Task directions> Below are the records; give again exactly the lines from the one containing "Verdieping: overloop met" through the one containing "Fogão de Embutir", leaving out pictures.

Excerpted data>

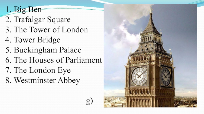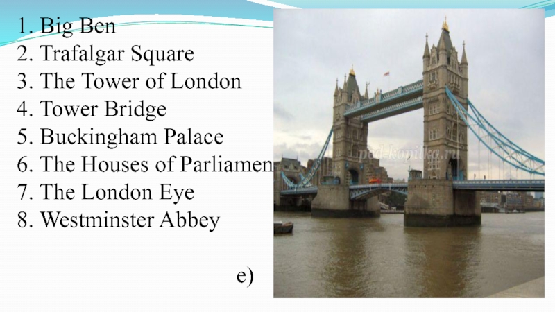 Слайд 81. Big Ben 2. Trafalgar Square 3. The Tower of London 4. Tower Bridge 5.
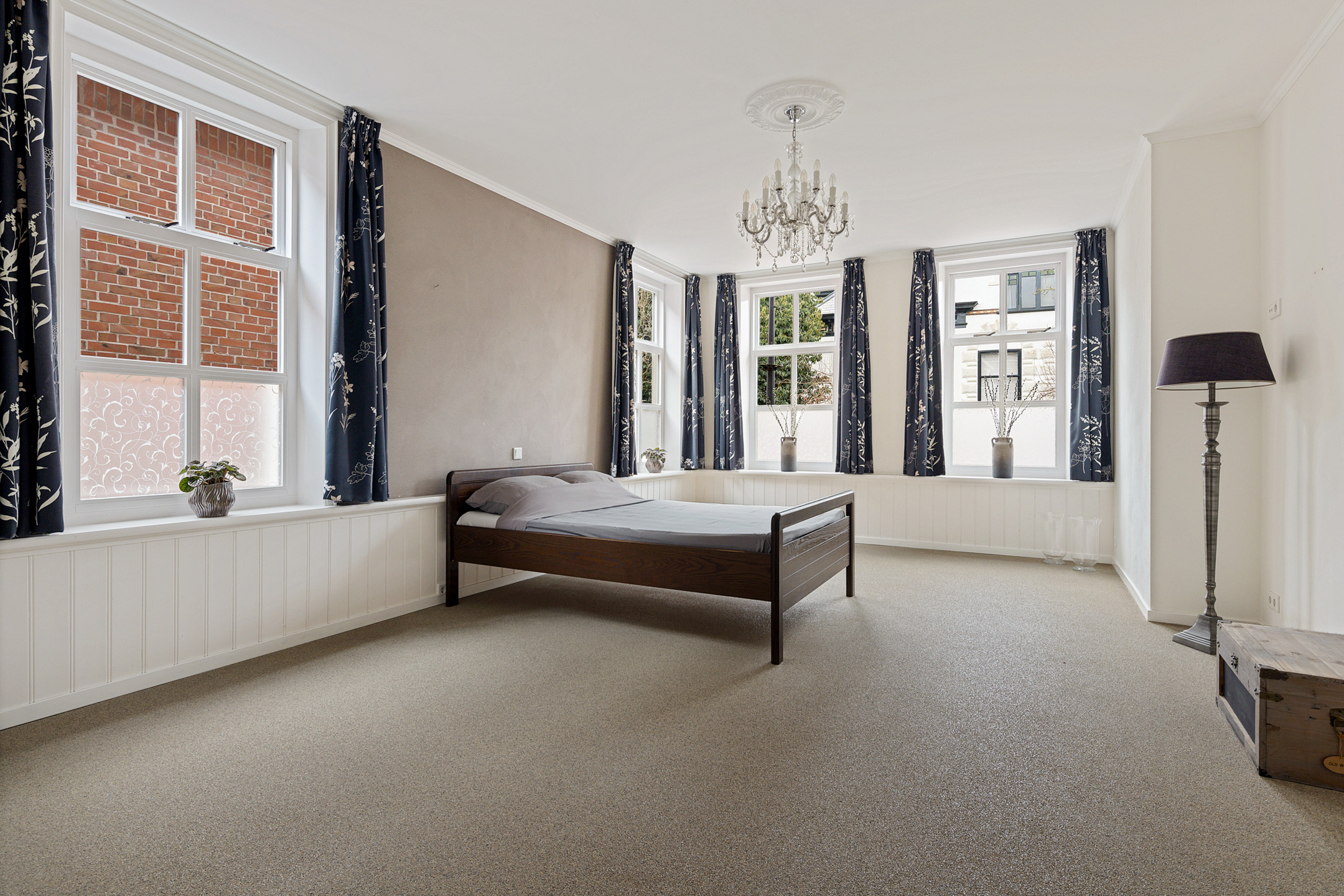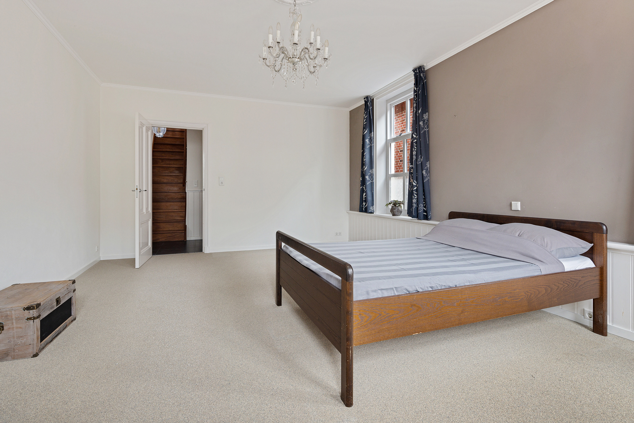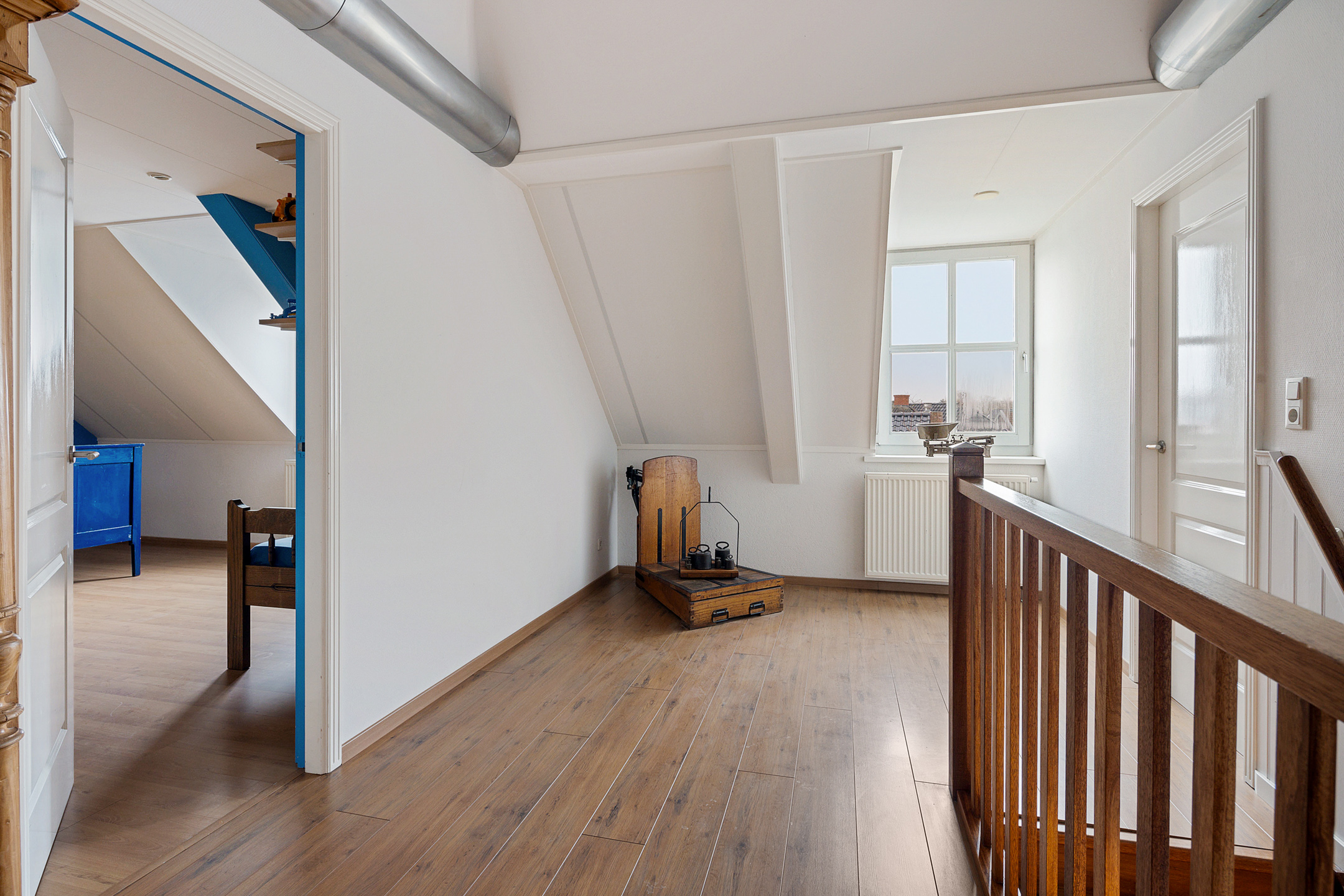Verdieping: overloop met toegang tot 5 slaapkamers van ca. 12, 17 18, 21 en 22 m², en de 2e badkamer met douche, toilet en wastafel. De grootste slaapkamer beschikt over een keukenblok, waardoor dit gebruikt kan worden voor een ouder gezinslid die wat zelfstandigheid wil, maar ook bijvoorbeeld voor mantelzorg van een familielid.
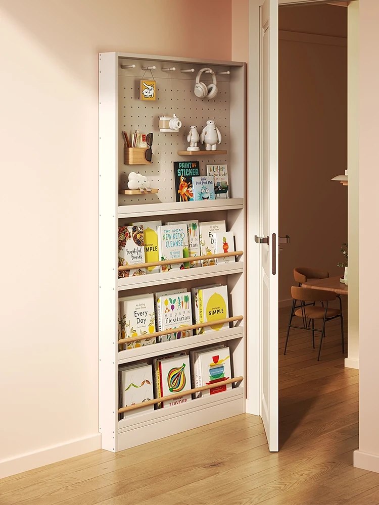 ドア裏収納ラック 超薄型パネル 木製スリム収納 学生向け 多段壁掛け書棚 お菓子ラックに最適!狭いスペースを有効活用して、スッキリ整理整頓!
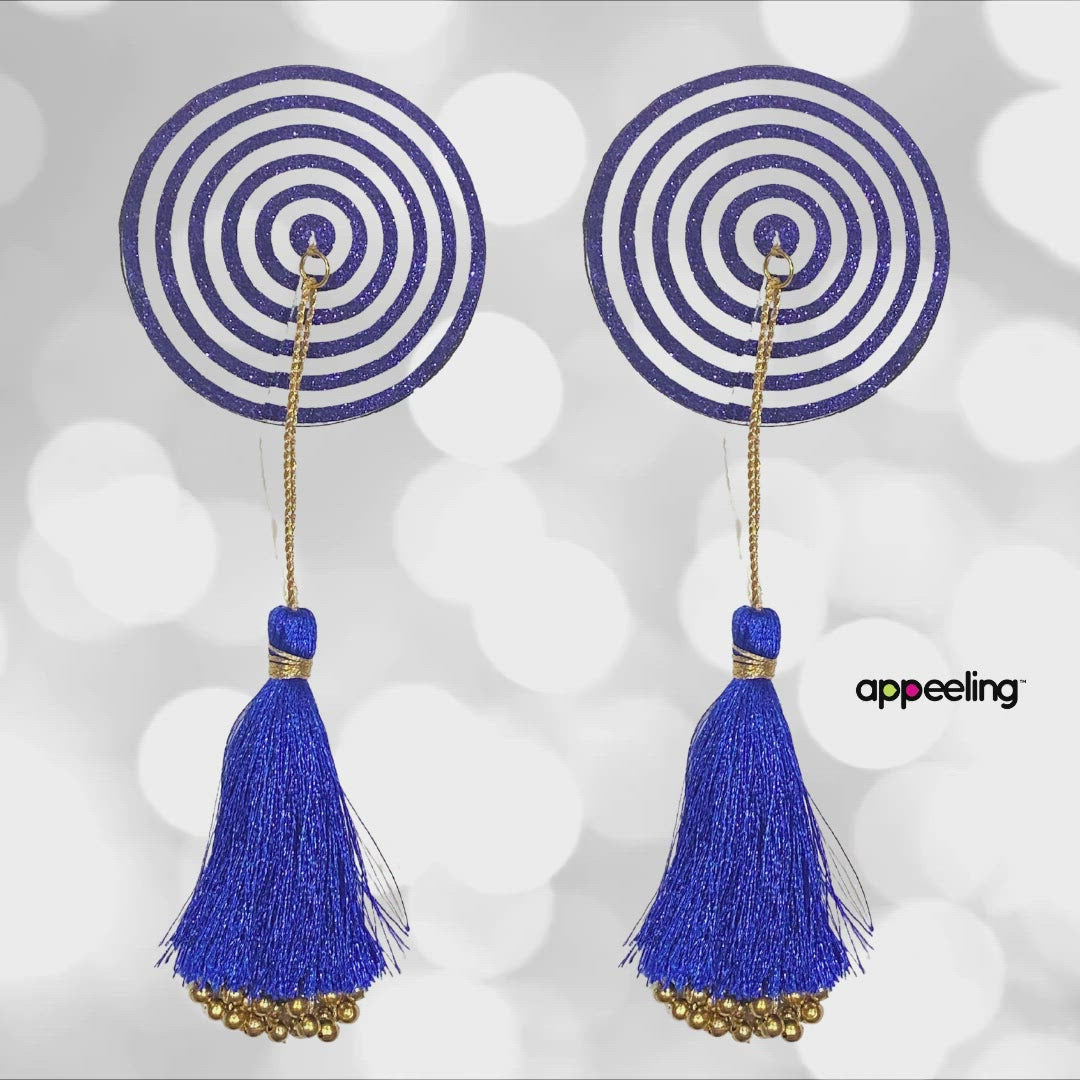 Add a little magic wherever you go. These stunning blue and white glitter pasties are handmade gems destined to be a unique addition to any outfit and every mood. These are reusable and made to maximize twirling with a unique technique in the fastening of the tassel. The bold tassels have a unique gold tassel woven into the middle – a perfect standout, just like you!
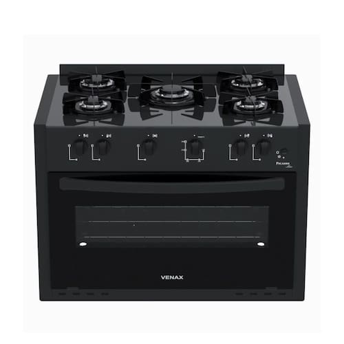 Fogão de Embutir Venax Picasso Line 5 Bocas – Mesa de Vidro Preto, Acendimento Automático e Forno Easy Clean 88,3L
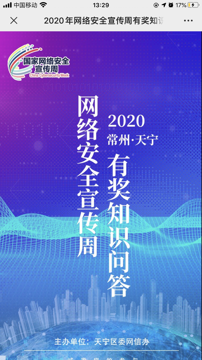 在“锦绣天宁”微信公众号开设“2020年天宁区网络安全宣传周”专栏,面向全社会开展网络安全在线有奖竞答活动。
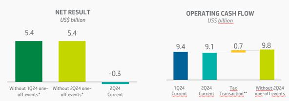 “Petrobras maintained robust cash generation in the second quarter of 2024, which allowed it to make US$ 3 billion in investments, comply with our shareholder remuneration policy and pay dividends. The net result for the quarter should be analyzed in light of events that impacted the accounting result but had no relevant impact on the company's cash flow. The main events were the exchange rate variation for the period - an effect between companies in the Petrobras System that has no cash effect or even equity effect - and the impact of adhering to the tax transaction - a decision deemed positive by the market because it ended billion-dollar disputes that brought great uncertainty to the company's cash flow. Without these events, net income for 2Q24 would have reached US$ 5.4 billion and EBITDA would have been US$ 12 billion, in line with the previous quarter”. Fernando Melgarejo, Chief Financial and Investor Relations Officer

Your solution>
Verdieping: overloop met toegang tot 5 slaapkamers van ca. 12, 17 18, 21 en 22 m², en de 2e badkamer met douche, toilet en wastafel. De grootste slaapkamer beschikt over een keukenblok, waardoor dit gebruikt kan worden voor een ouder gezinslid die wat zelfstandigheid wil, maar ook bijvoorbeeld voor mantelzorg van een familielid.
 ドア裏収納ラック 超薄型パネル 木製スリム収納 学生向け 多段壁掛け書棚 お菓子ラックに最適!狭いスペースを有効活用して、スッキリ整理整頓!
 Add a little magic wherever you go. These stunning blue and white glitter pasties are handmade gems destined to be a unique addition to any outfit and every mood. These are reusable and made to maximize twirling with a unique technique in the fastening of the tassel. The bold tassels have a unique gold tassel woven into the middle – a perfect standout, just like you!
 Fogão de Embutir Venax Picasso Line 5 Bocas – Mesa de Vidro Preto, Acendimento Automático e Forno Easy Clean 88,3L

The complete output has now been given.